Yalkut Shimoni (Beshalach 234) says that the angels argued with God, saying that since both the Egyptians and the Jews were idolators, why should the Jews cross the sea in dry land? God responded that the Jews merited this treatment because they would accept the Torah at Sinai. Why did the angels ask why the Jews crossed on dry land rather than the bigger question, why did the Jews leave bondage in Egypt if they were idolators? Presumably because the answer to that question is basic — the Jews were redeemed from Egypt because of the merit of the forefathers. Similarly above, the Jews merited the splitting of the sea because of Avraham’s splitting the wood. But the merit of forefathers should also apply to crossing on dry land. A different midrash says that just like God provided dry land for a single person, Adam (Gen. 1:9), even more so (kal va-chomer) He provided dry land for the entire nation of Israel. But this argument only works when the nation of Israel is holy, like Adam was (before the sin). The angels seem to have been arguing that the Jews committed idolatry in Egypt, therefore this argument fails and they lacked the merit for crossing on dry land.

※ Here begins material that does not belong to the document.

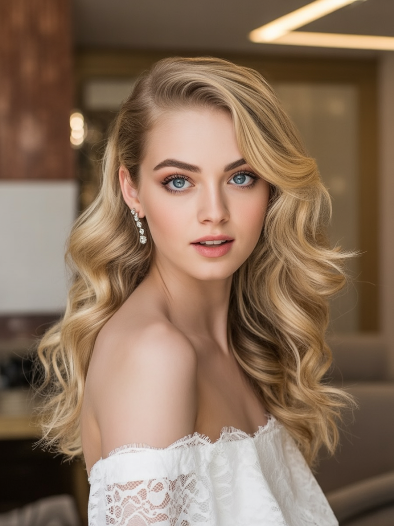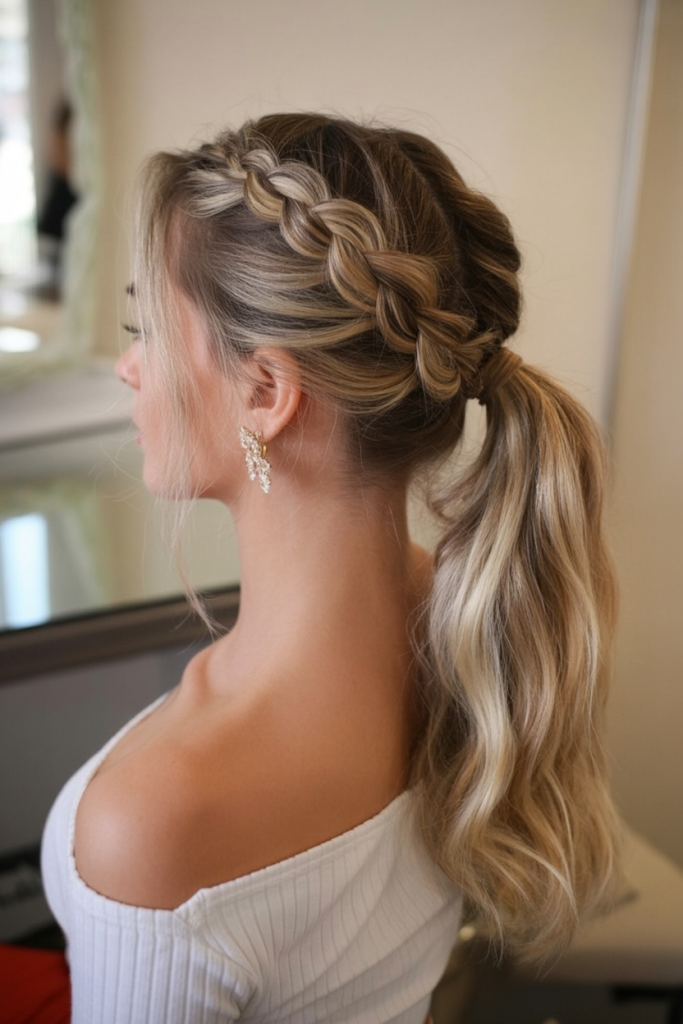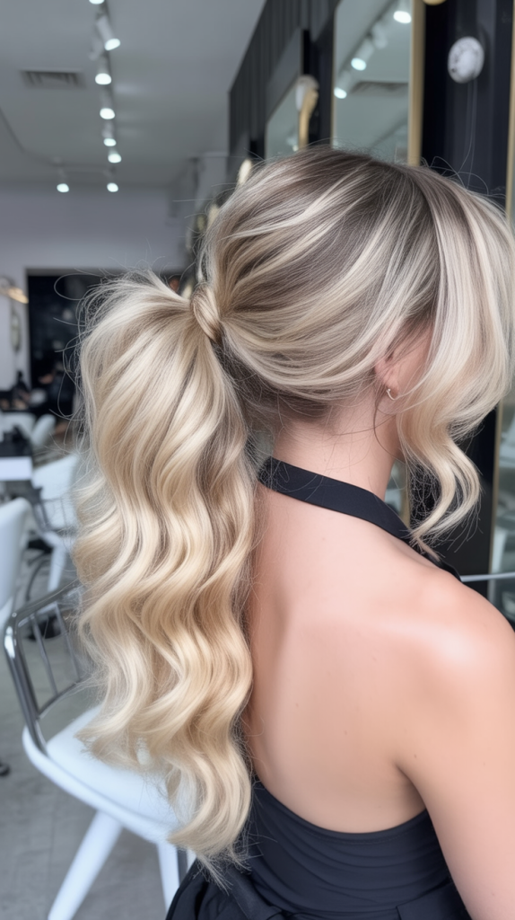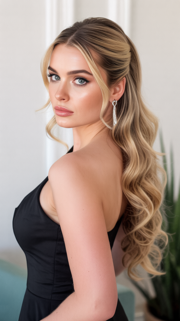 If you are looking for something elegant yet playful, then this wavy ponytail will fulfill that desire. The flowing curls along with the gentle face-framing strands will give a fresh and youthful look that will look good on either a summer wedding or a formal occasion.

This assumes that when the Jews committed idolatry in Egypt, they were sinning. However, the Jews certainly worshipped God in Egypt because they recognized Him at the sea when they said, “This is my God” (Ex. 15:2). If they committed idolatry, it was by worshipping God and idols. This is called “shituf,” which according to Shach is permissible for gentiles and forbidden for Jews (see Pischei Teshuvah, Yoreh De’ah 147:2). Great authorities debate whether the nation of Israel had the status of Jews even before the giving of the Torah or they had the status of gentiles. If the nation of Israel had the status of gentiles before the giving of the Torah, then they did not sin with their idolatry in Egypt. If they had the status of Jews, they sinned with their idolatry.

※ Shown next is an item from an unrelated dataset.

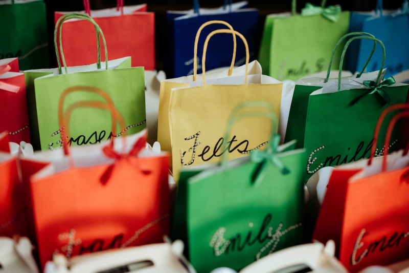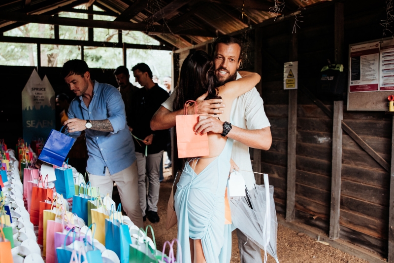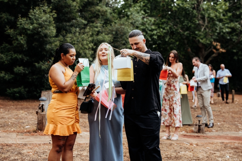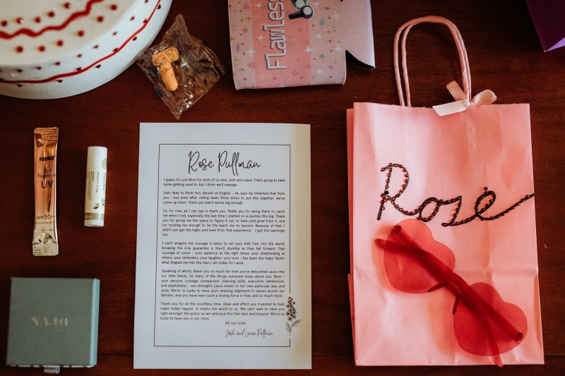 Laura and her mum handcrafted all of the colourful gift bags for their guests, which included not only a custom wedding map Laura had designed for their wedding brochure, but also a personalised letter to each of their guests. “Our guests described the moment when everyone was reading the letters, it went silent, and you’d hear random giggles or sniffles. Josh and I both added something to every letter. For us, it made us really think about each of our guests and the impact they’d had on our lives and the memories we’d shared as we were leading up to the wedding, so Josh and I had such appreciation for everyone by the time we got to the day and saw everyone. Equally, our guests couldn’t believe the time we’d put in and said how special it had made them feel. We think it really impacted the feeling and atmosphere for the rest of the night. Just a lot of all-around love in the room.”

If they had the status of gentiles, then they did not sin with their idolatry and the kal va-chomer argument from Adam works. Then we understand why the Jews crosses on dry land. If they had the status of Jews, then the kal va-chomer does not work.

However, if they had the status of gentiles, we find another problem. Avraham had designated Yitzchak as a sacrifice and then replaced him with a ram. Replacing a sacrifice is called temurah. The Gemara (Zevachim 45a) says that only Jews can do temurah and not gentiles. If the nation of Israel had the status of gentiles before the giving of the Torah then Avraham could not do temurah. His sacrifice of the ram instead of Yitzchak was not a mitzvah but a sin. We said above that the sea was split because Avraham split the wood for the sacrifice. If he then did temurah, this was not a mitzvah for which there was merit to split the sea.

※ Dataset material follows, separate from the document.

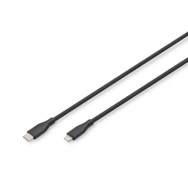 Kabel zasilający DIGITUS silikonowy USB-C - Lightning, USB 2.0 60W, certyfikat MFI, 2m czarny z kategorii usb. Interfejs: USB-C - Lightning, kolor: Czarny.
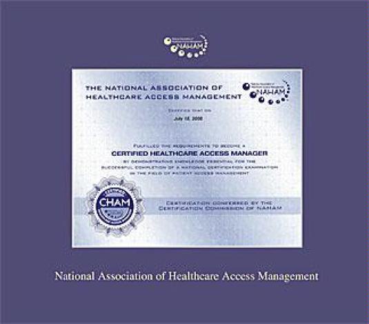 National Association of Healthcare Access Management Certificate - CHAM Frame with Royal Blue Mat and Gold Embossing

If the nation of Israel had the status of Jews before the giving of the Torah, they committed sinful idolatry in Egypt so why did they merit crossing on dry land? If they had the status of gentiles, Avraham’s behavior with the sacrifice was sinful so how could they merit the splitting of the sea?

They must have had the status of Jews and merited the splitting of the sea. But then why did they cross on dry land?

This is the meaning of: If He had split the sea for us, and not brought us through it dry; Dayenu (it would have been enough for us).

It must be that the Jews crossed on dry land because they would accept the Torah. But we can ask, what is the great merit of accepting the Torah when God held a mountain over the Jews and threatened to kill them if they did not accept the Torah?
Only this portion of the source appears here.